Castillo wants her two sons to know their history.
“Even though my children were born and raised here, I want them to know that they come from a lineage of powerful, principled people,” she said.
Also with her is Jenny Garcia, the Ateneo’s director, and helpers Lorenza Ramirez, Cenzina Tralci and Ernesto Bautista.
Castillo’s son, Jesus, a 2022 graduate of Lawrence High, arrives, too.
The gathering reflects on Minou’s presentation.
Jesus says his mom has told him about the Mirabal sisters, but he doesn’t know their story’s details.
He wants to know more, and to pass it on to his children when he has a family.
Las Mariposas are revered worldwide for their courage and sacrifice.
In 1999, the United Nations designated the date of their murders (Nov. 25) as International Day for the Elimination of Violence Against Women.
Bautista says it is important for young people, all young people, to know their origins.
He is 65 and was a baby living in the Dominican capital, Santa Domingo, when the Mirabals were murdered.
As a boy, growing up, he knew their story. Everyone in the Dominican Republic knew the sisters’ story, and people knew first-hand the hardship experienced under the Trujillo regime which stretched back to the 1930s.
Tralci, who is originally from Venezuela, says people in her former country have also lived under dictatorship.
Jenny Garcia feels honored to have Minou visit the center.
Minou was only 4 years old when her mother and aunts were ambushed by the Trujillo hit squad.
The three sisters were returning with their driver, Rufino de la Cruz, from a visit to a prison where Minerva’s and Maria Teresa’s husbands were being held for their opposition to Trujillo.
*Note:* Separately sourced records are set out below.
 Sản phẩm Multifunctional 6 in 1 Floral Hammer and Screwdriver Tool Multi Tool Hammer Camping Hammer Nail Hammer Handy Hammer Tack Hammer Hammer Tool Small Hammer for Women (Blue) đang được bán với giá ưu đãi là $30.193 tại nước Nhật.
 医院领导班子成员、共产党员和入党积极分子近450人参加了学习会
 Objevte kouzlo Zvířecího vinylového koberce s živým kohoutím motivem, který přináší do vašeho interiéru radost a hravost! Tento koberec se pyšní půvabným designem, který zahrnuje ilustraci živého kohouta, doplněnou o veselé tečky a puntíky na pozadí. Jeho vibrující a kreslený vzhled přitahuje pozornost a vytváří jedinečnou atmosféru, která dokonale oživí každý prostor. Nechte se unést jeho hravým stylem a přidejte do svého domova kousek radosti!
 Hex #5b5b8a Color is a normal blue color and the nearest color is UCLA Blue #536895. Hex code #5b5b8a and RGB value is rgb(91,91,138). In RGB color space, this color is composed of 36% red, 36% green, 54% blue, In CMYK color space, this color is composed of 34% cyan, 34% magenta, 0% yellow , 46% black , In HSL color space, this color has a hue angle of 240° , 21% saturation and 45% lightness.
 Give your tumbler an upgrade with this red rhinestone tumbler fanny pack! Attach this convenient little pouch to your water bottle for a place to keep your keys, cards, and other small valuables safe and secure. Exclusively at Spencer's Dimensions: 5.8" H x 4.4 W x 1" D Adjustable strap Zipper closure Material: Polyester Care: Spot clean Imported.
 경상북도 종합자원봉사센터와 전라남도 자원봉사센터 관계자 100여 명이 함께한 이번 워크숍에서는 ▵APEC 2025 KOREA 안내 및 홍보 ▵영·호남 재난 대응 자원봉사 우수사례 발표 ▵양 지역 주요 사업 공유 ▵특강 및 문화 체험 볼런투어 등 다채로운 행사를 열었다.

On the road their car was stopped by Trujillo secret police who clubbed and strangled them and the driver, placed them in the vehicle and ran it off a cliff to make the murdered women and man look like accident victims.
A fourth Mirabal sister, Dede, who had not been politically active, raised the six children of her slain sisters and her three children.
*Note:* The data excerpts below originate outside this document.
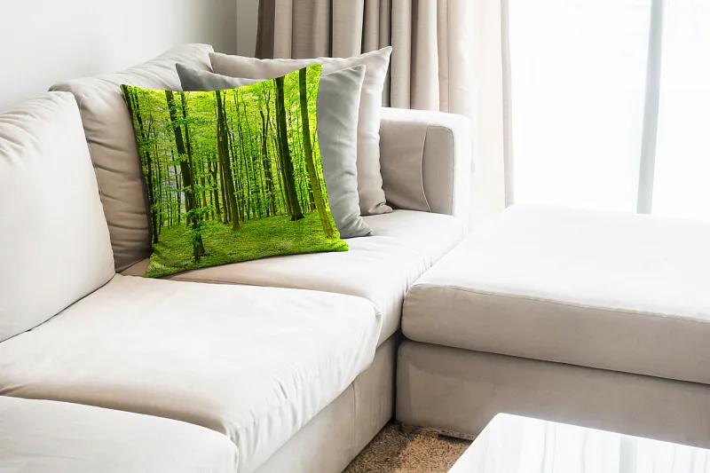 Exkluzivní kolekce designových dekoračních povlaků ze 100% bavlny v provedení luxusního saténu s hustou a pevnou strukturou přináší neodolatelný motiv SPRING FOREST. Věrné vyobrazení svěžího lesa v zářivých zelených tónech v kombinaci s hnědou je zajištěno precizním digitálním tiskem. Povlak o rozměru 50x50 cm je z obou stran stejný a je opatřen zipovým uzávěrem.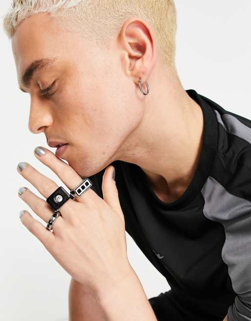 ASOS DESIGN - Set van 3 ringen van kunststof en metaal in zwart en zilver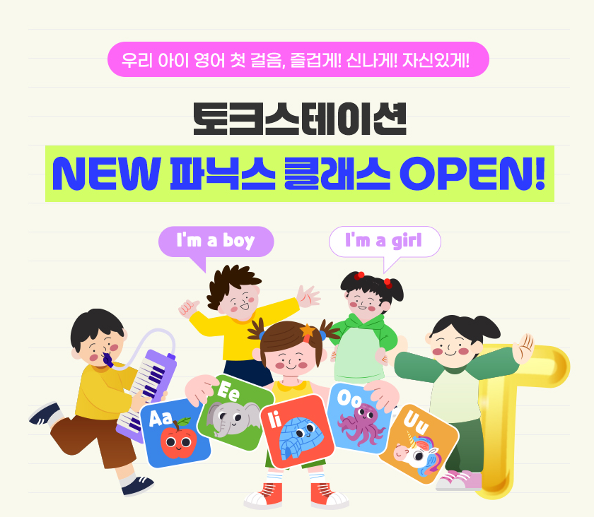 토크스테이션만의 NEW 파닉스 커리큘럼을 개발하였습니다.

Dede, who died in 2014, wrote “Alive in Their Garden,” in 2009 and started a museum in the sisters’ hometown, Conuco, to tell their story.
Minou says Dede was a second mother to her.
Ingrid Castillo knows Minou through family connections, and, here in the park, calls her and places her on speaker phone for an interview.
Minou lives in the Dominican Republic, where she has been a member of Congress and an international activist on behalf of women’s rights.
She was last in Lawrence about six years ago.
She said Dede told her sisters’ story as an unrelenting cry from her heart.
When she learned of their deaths she cried out that Trujillo had them murdered.
“Everybody tried to stop her and they couldn’t,” Minou said. “And she never stopped until the last day of her life. She told the story to everybody. Kids, grown up people, Dominicans, foreigners.”
Minou has continued telling the sisters’ story.
Earlier this day she was at the museum dedicated to Las Mariposas.
The museum receives 90,000 visitors each year.
Minou has also written about The Butterflies and spoken about them at college and other venues in the Dominican Republic and the United States.
She and others want new generations from all backgrounds and cultures who are unfamiliar with Las Mariposas to learn from their ideals, struggle and deaths; and to defend democracy and reject dictatorships.